━━━━━ Records to process ━━━━━
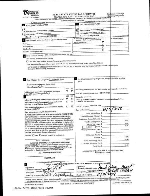 | Mailing Address: | 6843 OLD WAGON RD CLINTON, WA 98236 | % Ownership: | 100.0000000000% |
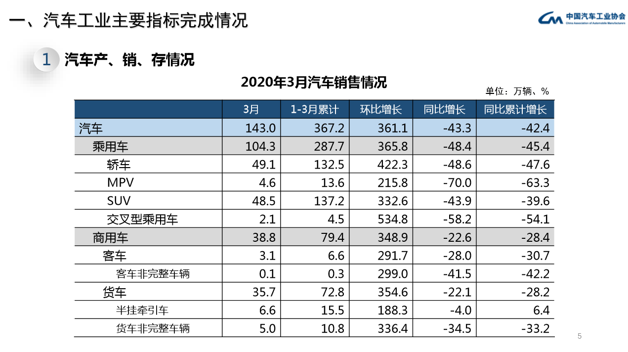 [汽车之家 行业] 日前,中国汽车工业协会(以下简称“中汽协”)公布了最新一期中国汽车市场销量数据:2020年3月,中国汽车产销量分别为142.2万辆和143万辆,较去年同期分别下滑44.5%和43.3%。至此,中国汽车市场已经连续21个月销量同比下滑,仍未能实现“触底反弹”。
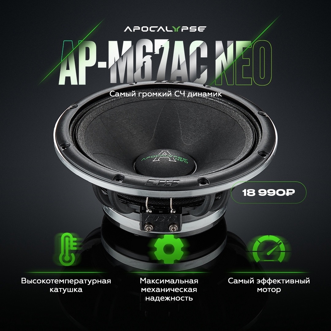 Мотор, используемый в производстве 67AC NEO, аналогичен 8-дюймовой версии динамика: самый результативный на рынке, КПД магнитной системы стал выше на 50%.
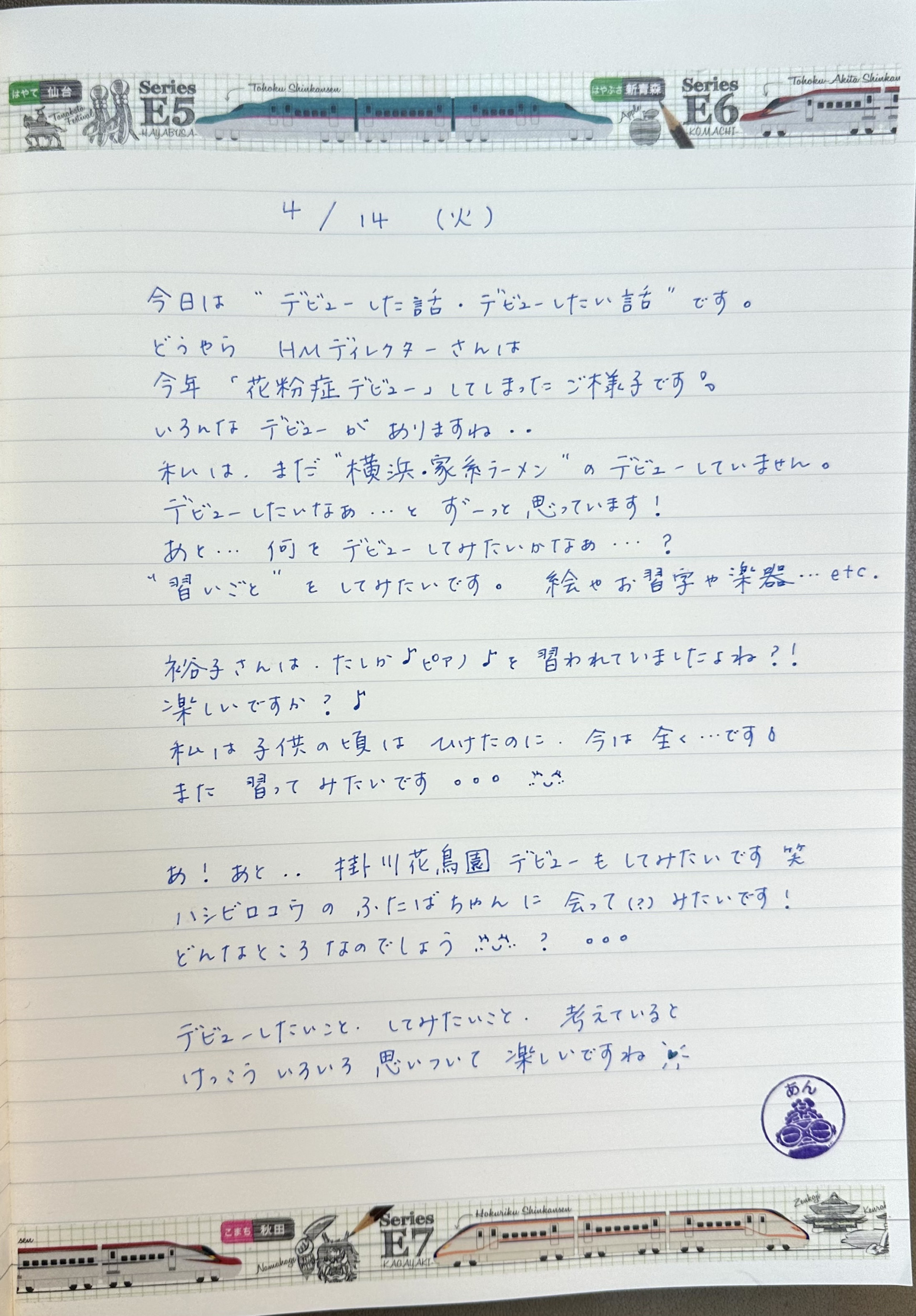 今夜は「デビューしました・したいです」のメッセージテーマで
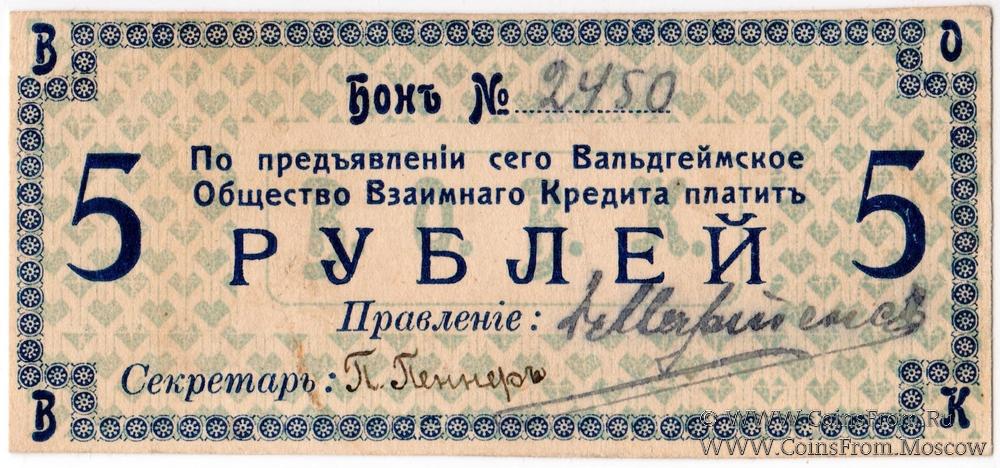 Бон без даты (1918 г.). Выпуск 2. С черной подписью. Вальдгеймское Общество Взаимного Кредита (В.О.В.К.).
━━━━━
**Task item:**
Retype the data above exactly, dropping every picture.

**Solution to this problem:**
 | Mailing Address: | 6843 OLD WAGON RD CLINTON, WA 98236 | % Ownership: | 100.0000000000% |
 [汽车之家 行业] 日前,中国汽车工业协会(以下简称“中汽协”)公布了最新一期中国汽车市场销量数据:2020年3月,中国汽车产销量分别为142.2万辆和143万辆,较去年同期分别下滑44.5%和43.3%。至此,中国汽车市场已经连续21个月销量同比下滑,仍未能实现“触底反弹”。
 Мотор, используемый в производстве 67AC NEO, аналогичен 8-дюймовой версии динамика: самый результативный на рынке, КПД магнитной системы стал выше на 50%.
 今夜は「デビューしました・したいです」のメッセージテーマで
 Бон без даты (1918 г.). Выпуск 2. С черной подписью. Вальдгеймское Общество Взаимного Кредита (В.О.В.К.).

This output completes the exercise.